Lucilia had been ecstatic at her family’s return and Fronto had found himself musing that if they all lived through the next day or so, his home life would be considerably more relaxed for a while. Indeed, despite his bloody exertions the previous afternoon and the soulless horror of what he’d seen in his father-in-law’s house, he felt blessed and immensely relieved that everyone he really cared for in Massilia was now under one roof with a very watchful guard, Balbina safe with Fronto’s own boys
Balbus had repeatedly refused Fronto’s insistence that he bathe to remove the layer of grime and dirt that even a dip in
a horse trough had done little to remove, but a brief sharp word from his daughter had put paid to that and the old man had emerged from the baths refreshed and clean, dressed in Fronto’s clothes. Fronto and Cavarinos had also changed, their own bloodied apparel sitting in a washing pile. It had made Fronto chuckle to see the Arvernian in a Roman officer’s spare tunic and belt, though Cavarinos had looked less than pleased with the change, and had insisted on retaining his trousers, despite their state.
‘Will they really try again?’ Balbus asked quietly, excavating his other ear. ‘If their goal is to get to Rome urgently and they have a ship waiting, will they waste the time?’
Cavarinos shrugged and glanced across at Fronto. ‘How long until your treasure fleet sails?’
Fronto pursed his lips. ‘A day or two. No, definitely two. It won’t be today.’

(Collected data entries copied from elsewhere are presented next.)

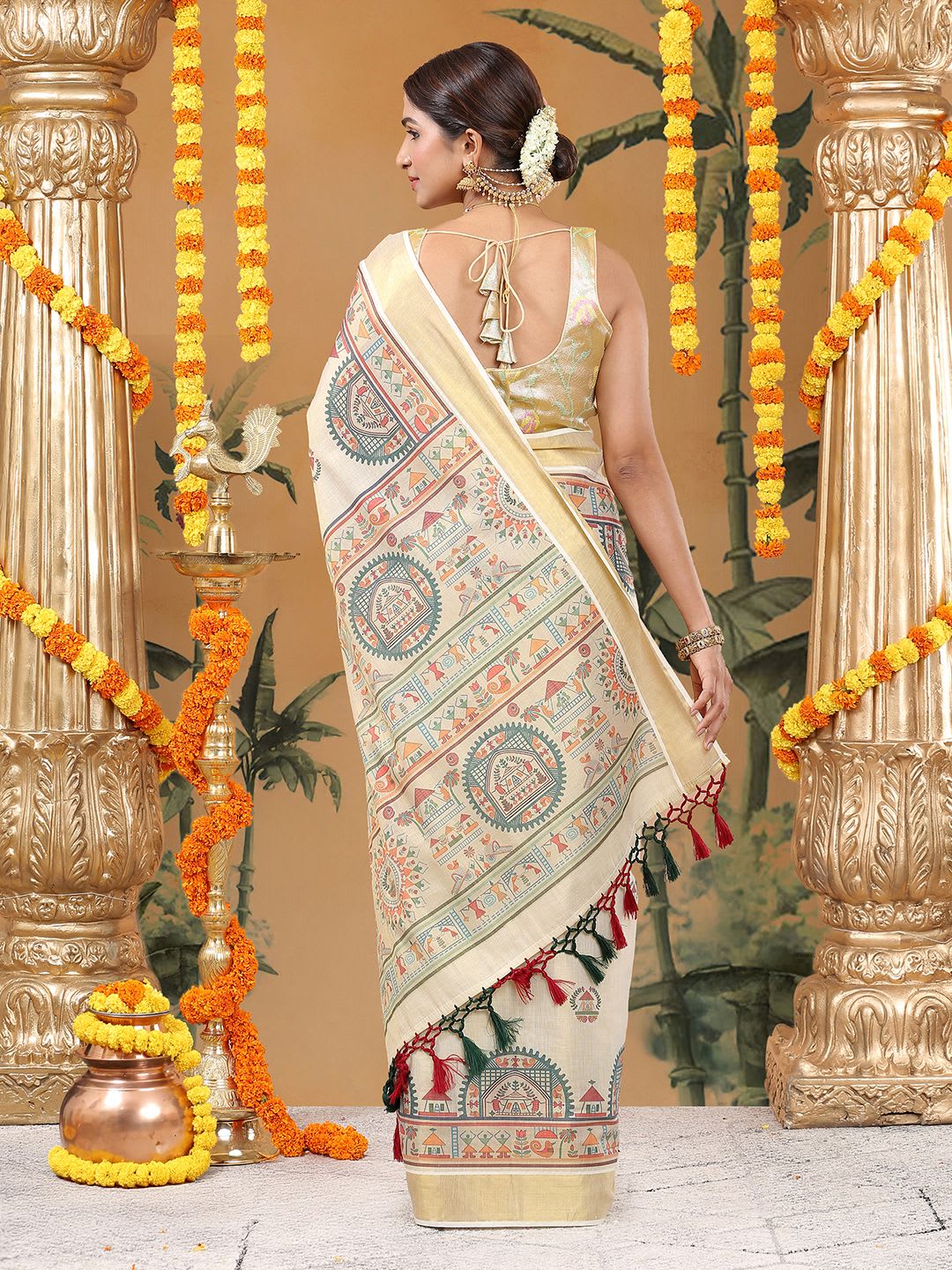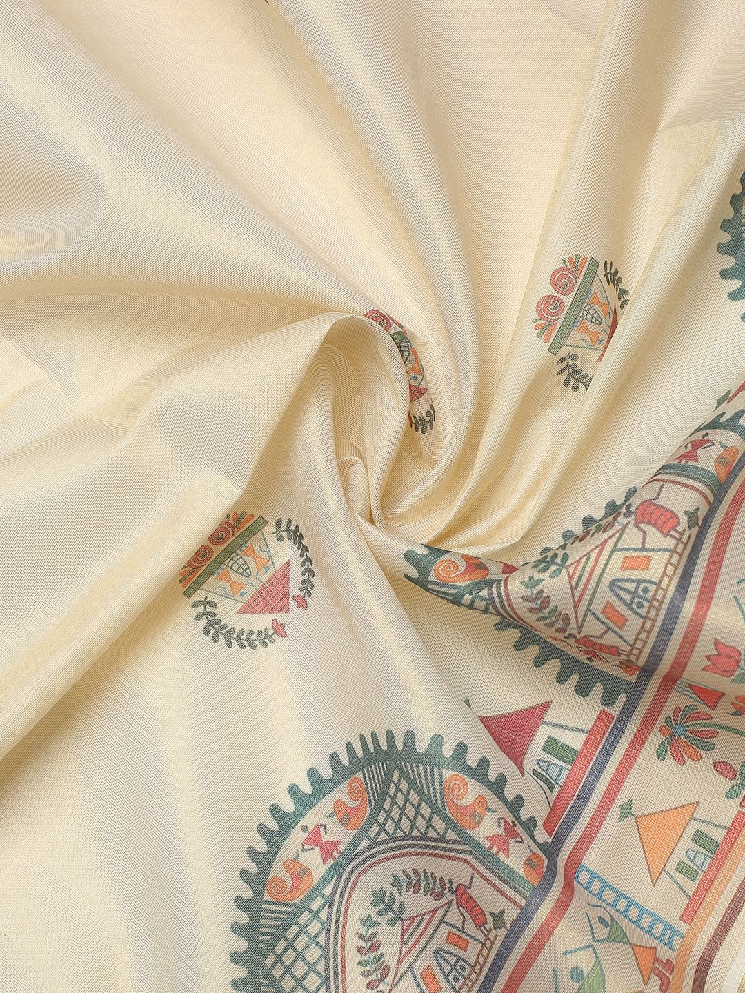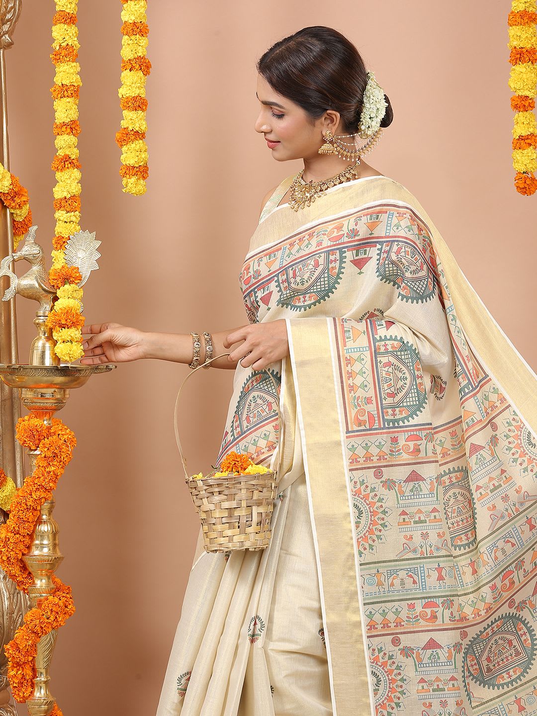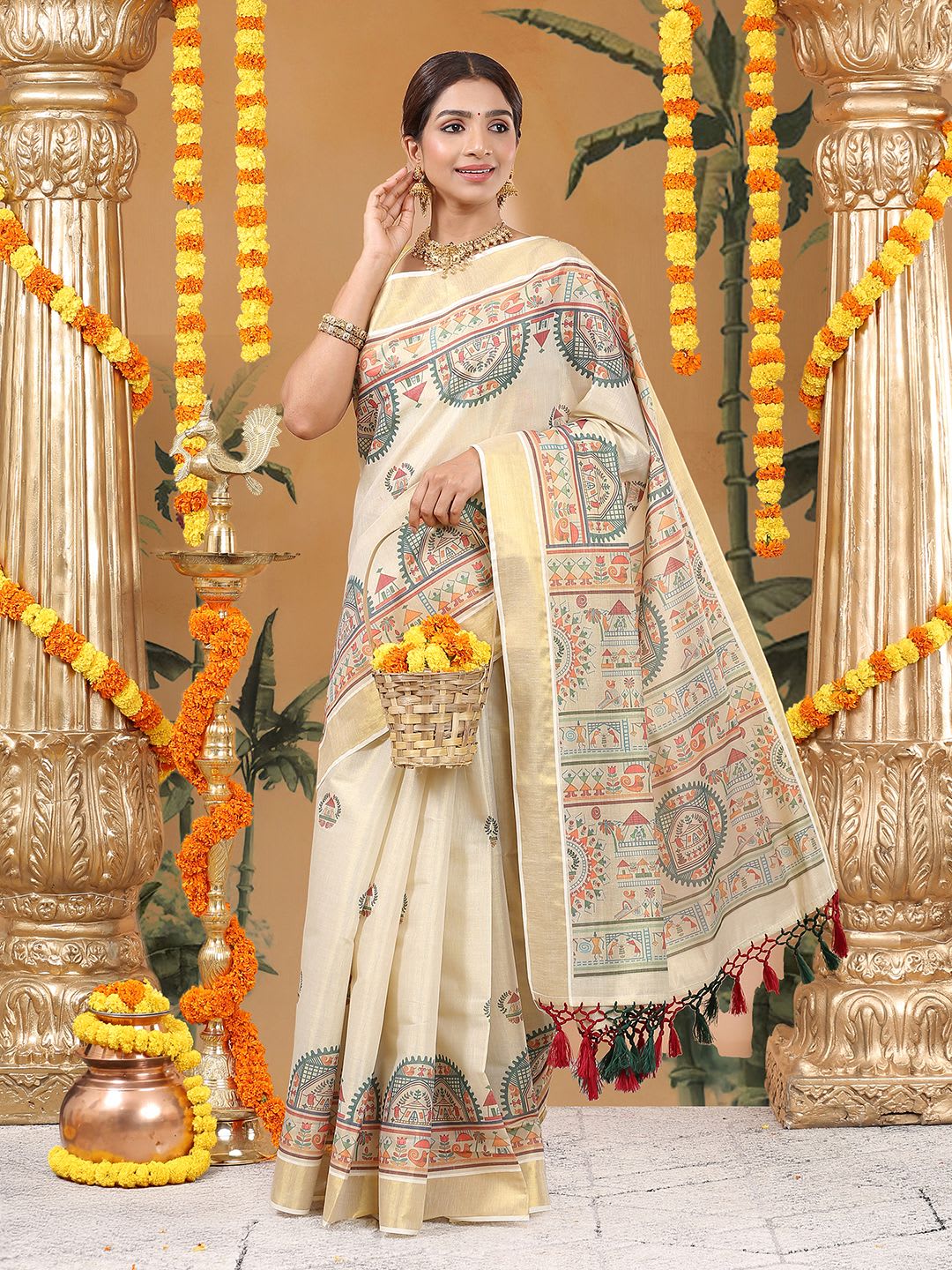 Size & Fit Length: 5.5 metres plus 0.8 metre blouse piece Width: 1.06 metres (approx.) Material & Care Dry Clean Specifications Ornamentation Warli Print Border Kasavu Blouse Fabric Tissue Blouse Blouse Piece Saree Fabric Tissue Wash Care Dry Clean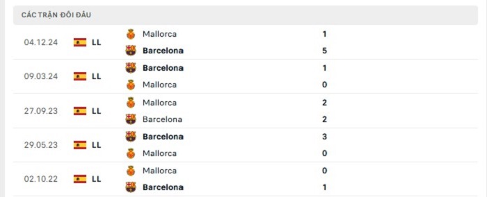 Lịch sử đối đầu của Barcelona vs Mallorca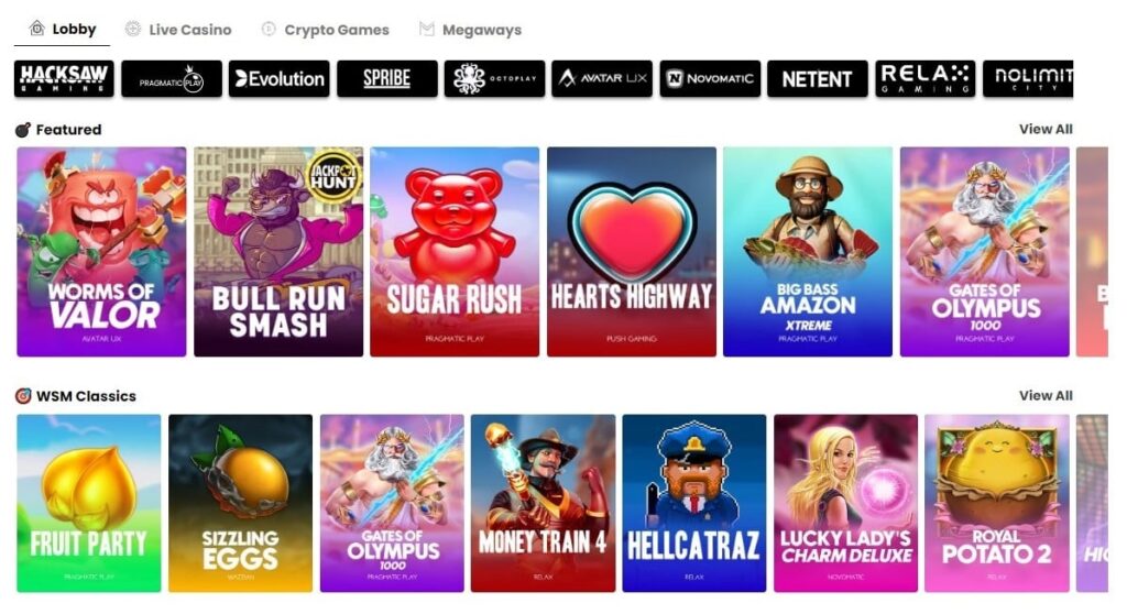 El vestíbulo de juegos de este sitio cuenta con miles de juegos de cuarenta y un proveedores, una mezcla de proveedores de productos de esfera establecida como Pragmatic Play, Hacksaw Gaming, Nolimit City, Relax Gaming, NetEnt, BetSoft, BluePrint, Wazdan, BigTime Gaming, Playson y Elk Studios. Además, entidades menos conocidas de la industria como Gamomat, Fantasma Games, Pocket Game Soft, Rouge y Octoplay. Los títulos proporcionados por estos proveedores se organizan en cuatro categorías principales. Éstas son Vestíbulo, Criptojuegos de Casino en Vivo y Megajuegos. La primera sección alberga principalmente tragaperras divididas en Destacadas, Clásicas WSM, Top Picks, Smash, Game Shows, Nuevos Juegos y Bonus Buy. Por lo que sabemos, en esta zona de la plataforma no puedes hacer demostraciones de ningún producto.
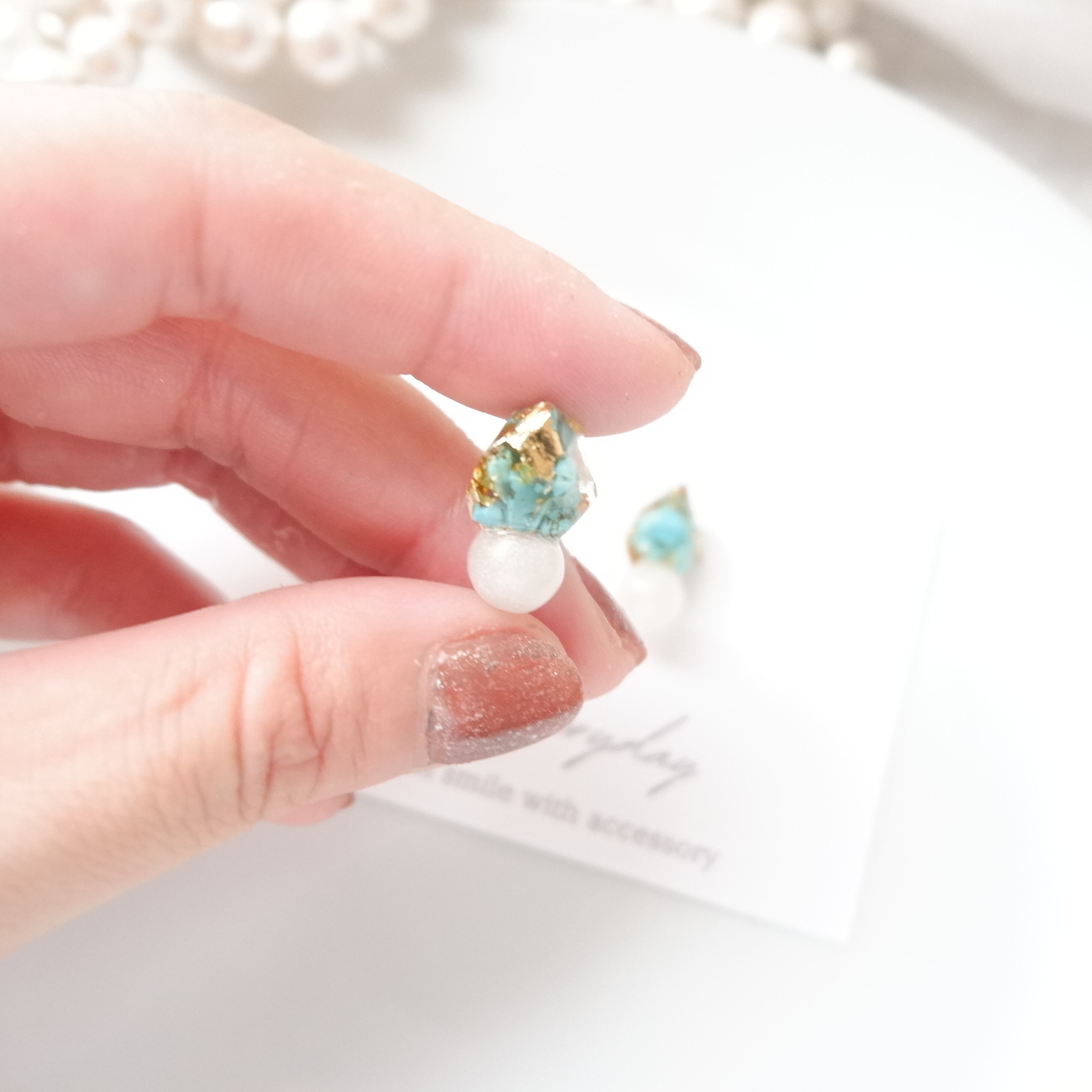 天然石 氷×パール ターコイズ イヤリング/ピアス
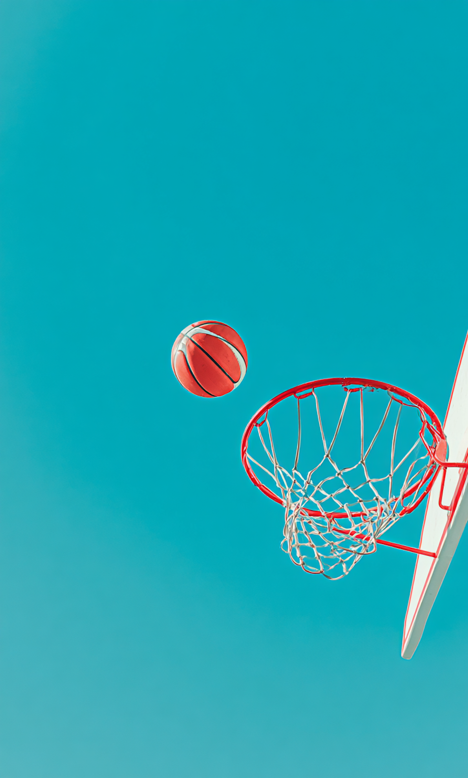 A basketball in motion toward a hoop against a vivid blue sky. Simple, clear, and dynamic with vibrant colors.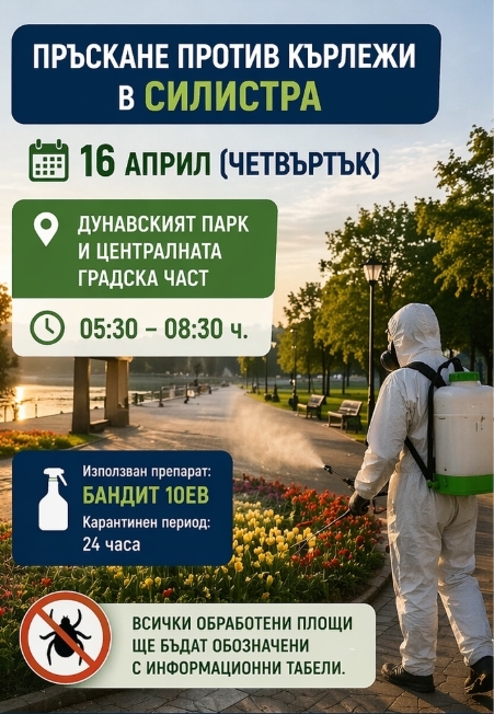 Община Силистра уведомява гражданите, че на 16 април (четвъртък) ще се проведе обработка против кърлежи в Дунавския парк и централната градска част.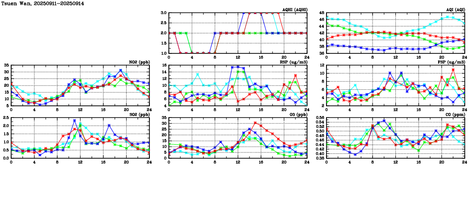 Parameters: | AQHI | AQI | RSP | FSP | NO2 | SO2 | O3 | CO | Temp | WS | WD |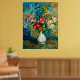 A vase of colorful flowers sits prominently, exhibiting vivid reds, blues, and yellows. The background is an intricate melange of textured brush strokes.

Cavarinos turned back to Balbus. ‘They will want to be away from this place before the fleet, else they might fall foul of Roman marines at sea. But that still gives them today. I expect them to sail tonight, at the last real opportunity. They will stay as long as they can and try as hard as they can. They may have a goal to achieve, but these men are fanatics, legate Balbus. They are rabid haters of your officers. I have seen what they have done before now. And if they have been thwarted once tonight, they will try all the harder. Molacos will not want to lose face with his men.’
‘I have to say, prince Cavarinos, that your arrival was gods-sent. Thank you. But for you, I would likely have died and so would Marcus here.’
Fronto saw Cavarinos wince at the use of a title. There was an unintentional bitterness in the Arvernian that coloured everything in his life now. It was why he could not wear his face and hair as a Gaul, yet would not dress himself as a Roman. It was why, despite clearly hating every morsel of his soul for doing it, he killed his own people in saving a nominal enemy. It was why he would never stay, no matter how persuasive Fronto thought he might be. It saddened him to see the Arvernian brought so low. A year ago, at a strange native sacred spring, he and Fronto had spoken privately and had discovered in each other a kindred spirit, abhorring the nature of the protracted war that was ruining Gaul and wishing there was any way to end the matter peacefully. And now Gaul was lost and Cavarinos was a ghost. A slight change in fortunes at Alesia and it might have been a whole different matter.